Peter Saunders (see below writes)

What appears to have inspired the piece is a debate he had with the former Bishop of Rochester, the Rt Rev Dr Michael Nazir-Ali at a fringe meeting organised by ResPublica, a think-tank, at the Conservative Party conference. Nazir-Ali put forward a case against ‘gay marriage’, which Parris said ‘could have been made by an unreligious professor of sociology’.

His argument was ‘apparently based on the social and cultural value of marriage as presently defined, the importance of a stable upbringing for children, and the resistance people feel to attempts “to change the meaning of the word ‘marriage’ ” ’. Parris then asked the former bishop if he believed that ‘homosexuality was a sin’ and accused him in the article of beating about the bush with his answer. 

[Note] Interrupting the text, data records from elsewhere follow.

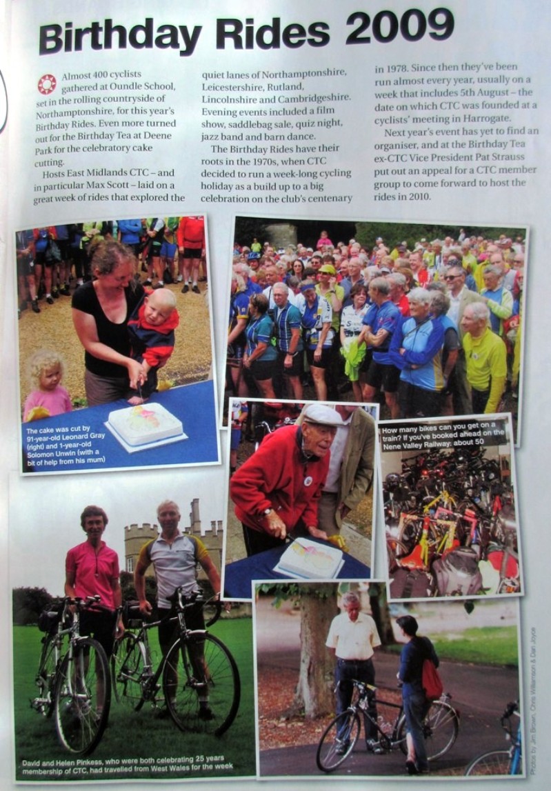 The CTC Birthday Rides returned to Northamptonshire nineteen years later, using Oundle School as its accommodation. This was organised by Max Scott and volunteers from local CTC groups.
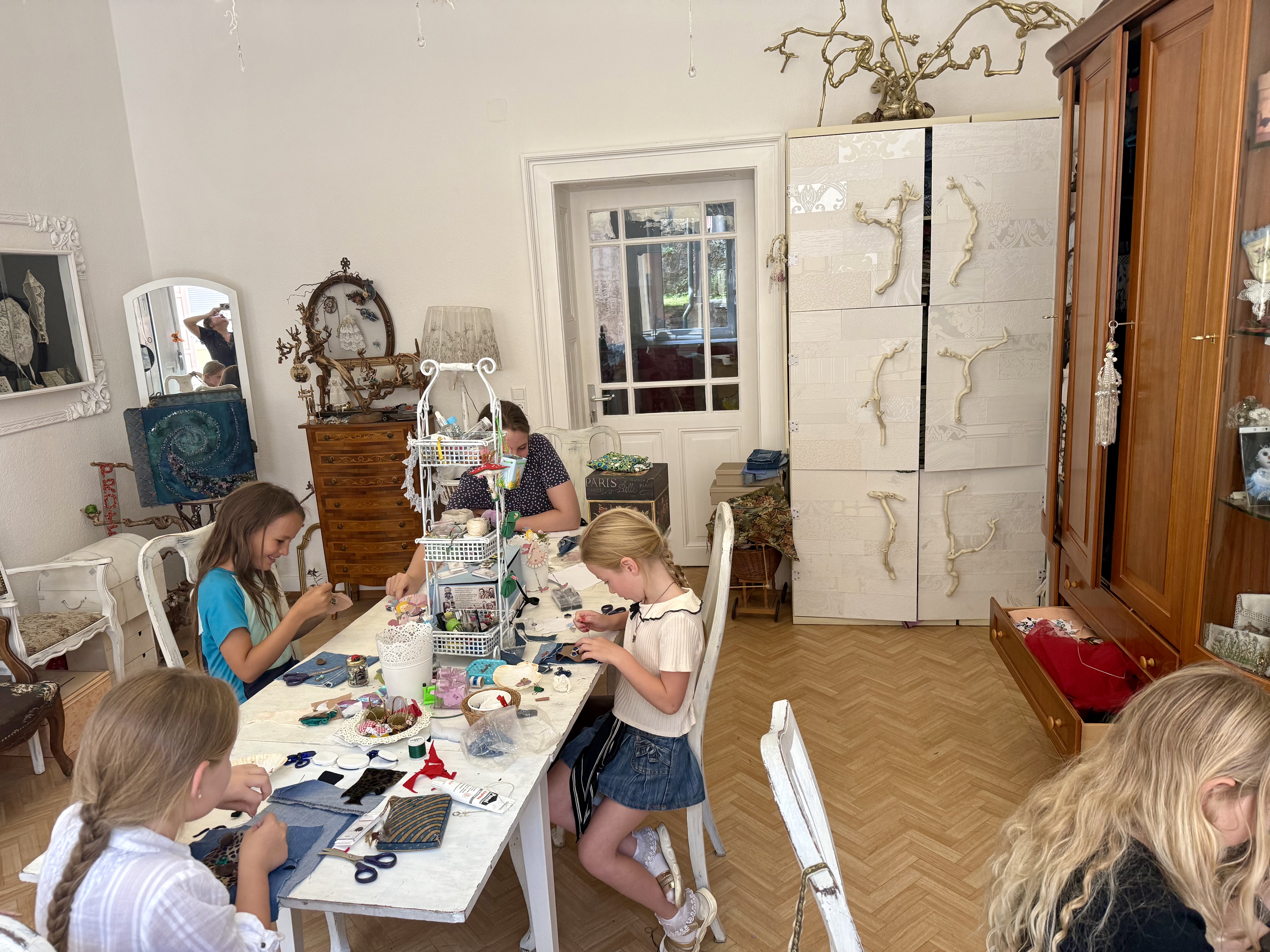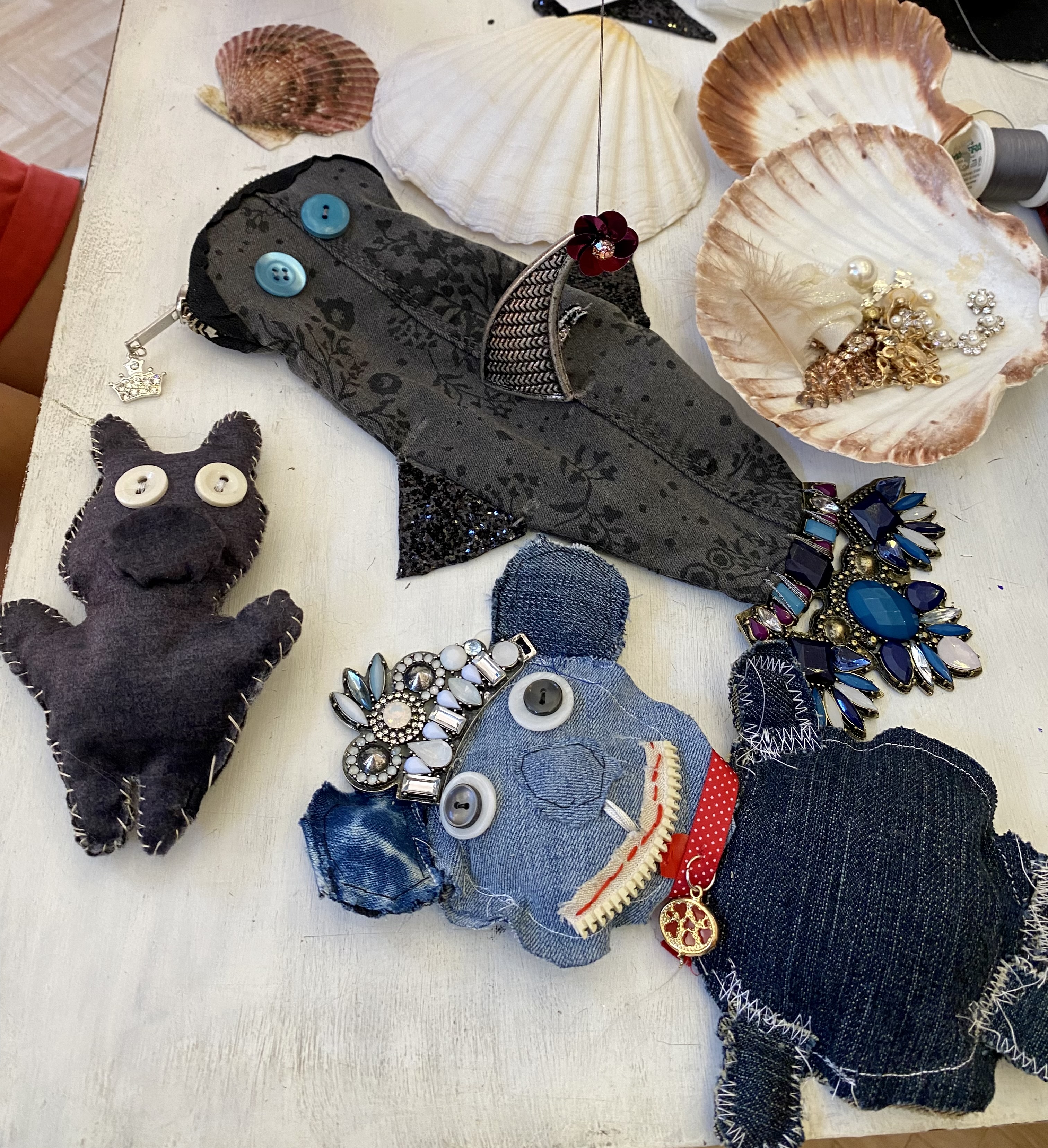 Im STUDIO für KREATIVE wird man ermuntert eigene, fantasievolle Dinge zu gestalten, wie Jeanstaschen, kleine Bärchen, süße Monster oder Engel und was das Herz so begehrt. Auch viele Muster zum Nachmachen und außergewöhnliche Materialien, wie verschiedene Stoffreste, Perlen, Glitzersteinchen, Bänder und vieles mehr, werden zur Verfügung gestellt. Jede Gruppe und jedes Kind kann selbst entscheiden, was im Kurs gemacht wird und eigene Ideen vorstellen. Unterstützt wird mit der Auswahl an Materialien und bei den handwerklich kniffligen Einsätzen, die Hilfe bedürfen. Angesteckt durch die Leidenschaft zur textilen Kunst, kreieren die Kinder mit viel Motivation, Begeisterung und Geduld eigene kleine Werke. Dabei gibt es kaum eine technische Herausforderung oder Frage, die nicht kreativ und professionell gelöst werden kann.
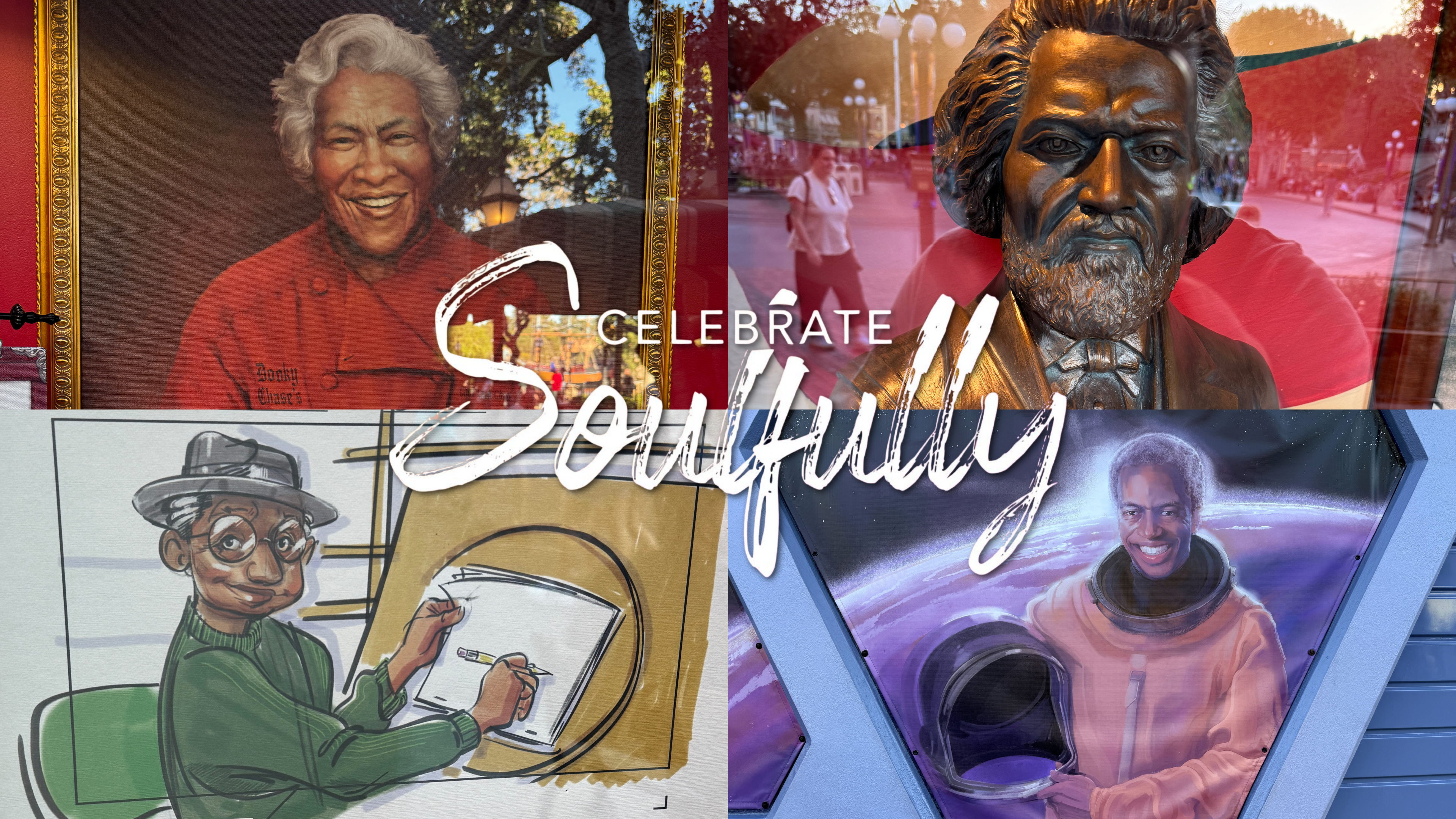 Celebrate Soulfully has arrived to the Disneyland Resort, celebrating Black culture all month-long through food, music and a new series of displays. Here, we take a look at the new heritage trail of dynamic displays across the resort, celebrating influential Black leaders, artists, and thinkers from the past and present. From Frontierland to Hollywood Land and various spots in between, each display will recognize how these inspiring individuals shaped culture and industries for generations.
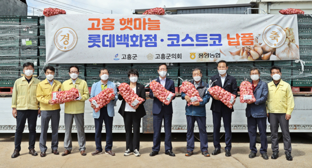 고흥군(군수 송귀근)은 21일 풍양면 한동공판장에서 송귀근 군수를 비롯한 박미화 풍양농협장 등이 참석한 가운데 고흥 햇마늘 대형마트 출하식을 갖고 코로나19로 어려움을 겪고 있는 마늘 재배농가들의 판로 확장에 안간힘을 쏟고 있다고 밝혔다.
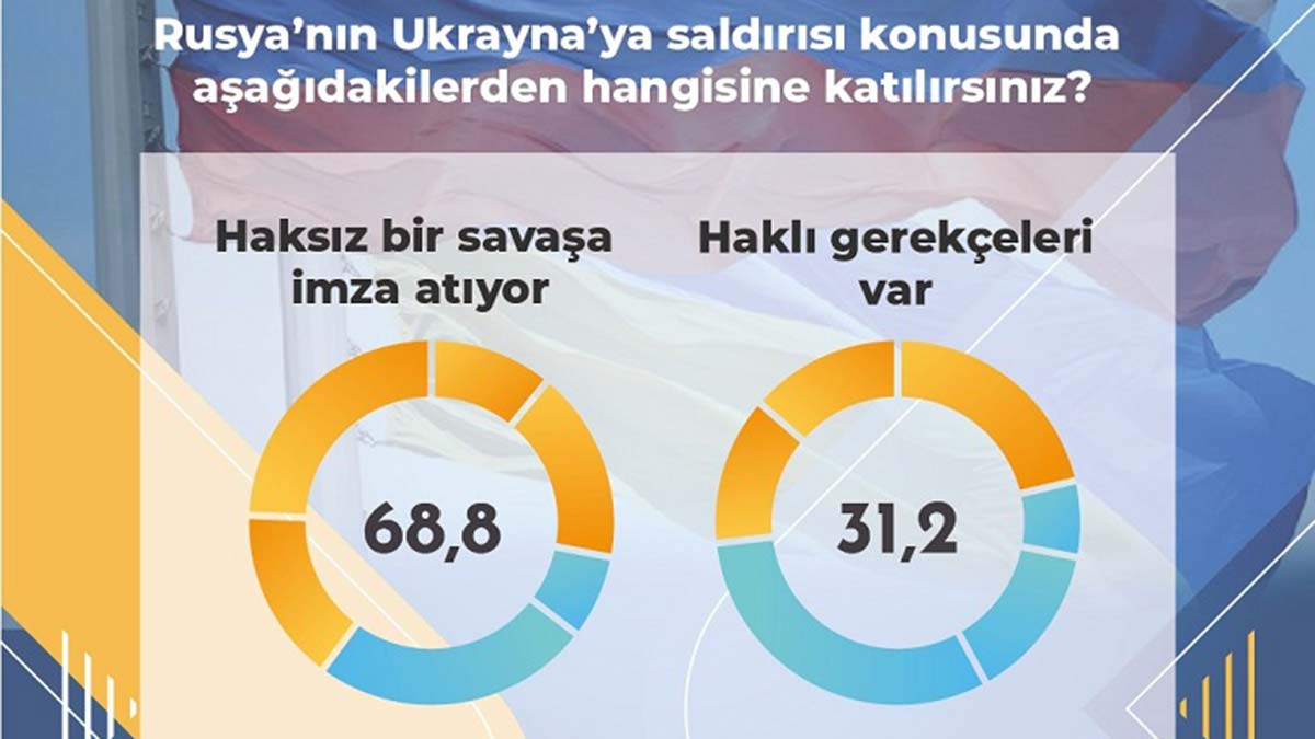 Araştırma sonuçlarına göre, katılımcıların yüzde 68,8’i Rusya’nın haksız bir savaşa imza attığını düşünüyor. Buna karşın katılımcıların yüzde 31,2’si ise Rusya’nın kendine göre haklı gerekçelerinin olduğunu ifade etti.
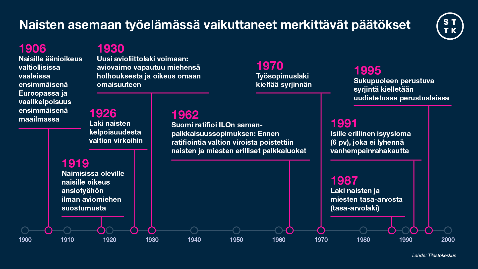 Sotien jälkeen työntekijöistä oli pula, ja Suomessa alettiin laajalti pohtia, kuinka paljon vähemmän naisille oli aiheellista maksaa. Työntekijäpuolella monet ajattelivat, että naisten palkka voisi olla jopa yhtä suuri kuin miesten! Työnantajapuoli taas oli sitä mieltä, että sopiva palkka naisille oli puolet, tai korkeintaan 70 prosenttia miesten palkoista. Aiheesta kiistelivät myös poliitikot ja yhteiskuntavaikuttajat.

He goes on to say that Nazir-Ali was ‘being disingenuous’ because he ’plainly believes that homosexuality is a very considerable evil in the eyes of God’. In Parris’ view ‘the rest of us have a right to know the source of (peoples’) opinions, and if they are faith-based those who hold them have a duty in all honesty to declare it.’

He argues that ‘it is slippery for people to couch objections that are really undeclared religious objections in the language of a secular argument.’ It is the case that Christians have some arguments that derive from their faith but we also have many that are shared by people of all faiths and none.  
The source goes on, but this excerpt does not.